• _Data records_:
»»

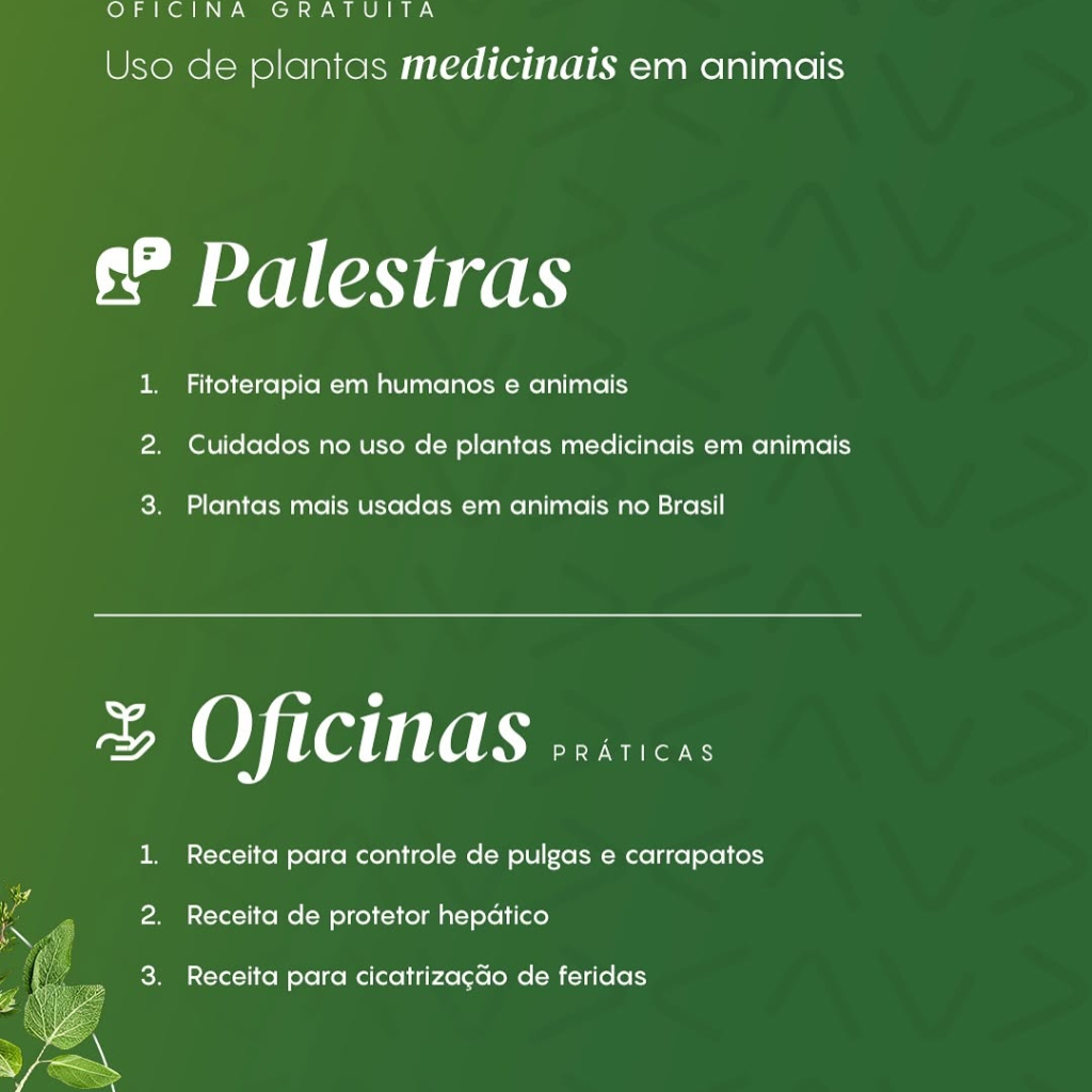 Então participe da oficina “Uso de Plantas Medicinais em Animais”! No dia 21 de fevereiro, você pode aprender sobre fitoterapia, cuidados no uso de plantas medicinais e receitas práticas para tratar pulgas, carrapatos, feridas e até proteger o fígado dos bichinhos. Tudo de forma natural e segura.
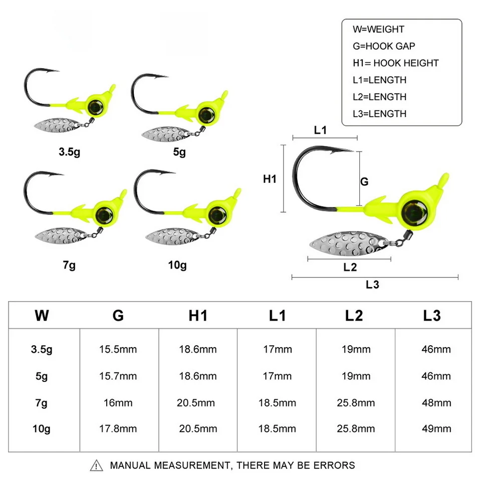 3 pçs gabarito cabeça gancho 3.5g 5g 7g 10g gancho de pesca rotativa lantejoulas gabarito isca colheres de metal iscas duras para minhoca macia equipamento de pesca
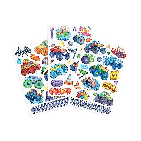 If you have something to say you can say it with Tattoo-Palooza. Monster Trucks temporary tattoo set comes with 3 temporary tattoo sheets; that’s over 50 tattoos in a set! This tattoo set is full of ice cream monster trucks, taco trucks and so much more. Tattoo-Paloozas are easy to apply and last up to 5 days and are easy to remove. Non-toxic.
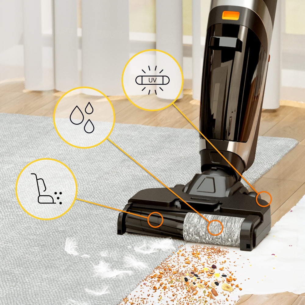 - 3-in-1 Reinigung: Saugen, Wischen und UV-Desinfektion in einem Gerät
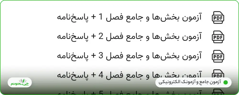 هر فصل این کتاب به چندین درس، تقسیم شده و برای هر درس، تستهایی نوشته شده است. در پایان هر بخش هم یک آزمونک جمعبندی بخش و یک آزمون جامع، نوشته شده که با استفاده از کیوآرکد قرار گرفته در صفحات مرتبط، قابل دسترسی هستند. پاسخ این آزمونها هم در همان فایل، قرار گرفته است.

««

• _Aim of the task_: Make a verbatim copy of all the entries and strip out the pictures.

• _Task solution_:
 Então participe da oficina “Uso de Plantas Medicinais em Animais”! No dia 21 de fevereiro, você pode aprender sobre fitoterapia, cuidados no uso de plantas medicinais e receitas práticas para tratar pulgas, carrapatos, feridas e até proteger o fígado dos bichinhos. Tudo de forma natural e segura.
 3 pçs gabarito cabeça gancho 3.5g 5g 7g 10g gancho de pesca rotativa lantejoulas gabarito isca colheres de metal iscas duras para minhoca macia equipamento de pesca
 If you have something to say you can say it with Tattoo-Palooza. Monster Trucks temporary tattoo set comes with 3 temporary tattoo sheets; that’s over 50 tattoos in a set! This tattoo set is full of ice cream monster trucks, taco trucks and so much more. Tattoo-Paloozas are easy to apply and last up to 5 days and are easy to remove. Non-toxic.
 - 3-in-1 Reinigung: Saugen, Wischen und UV-Desinfektion in einem Gerät
 هر فصل این کتاب به چندین درس، تقسیم شده و برای هر درس، تستهایی نوشته شده است. در پایان هر بخش هم یک آزمونک جمعبندی بخش و یک آزمون جامع، نوشته شده که با استفاده از کیوآرکد قرار گرفته در صفحات مرتبط، قابل دسترسی هستند. پاسخ این آزمونها هم در همان فایل، قرار گرفته است.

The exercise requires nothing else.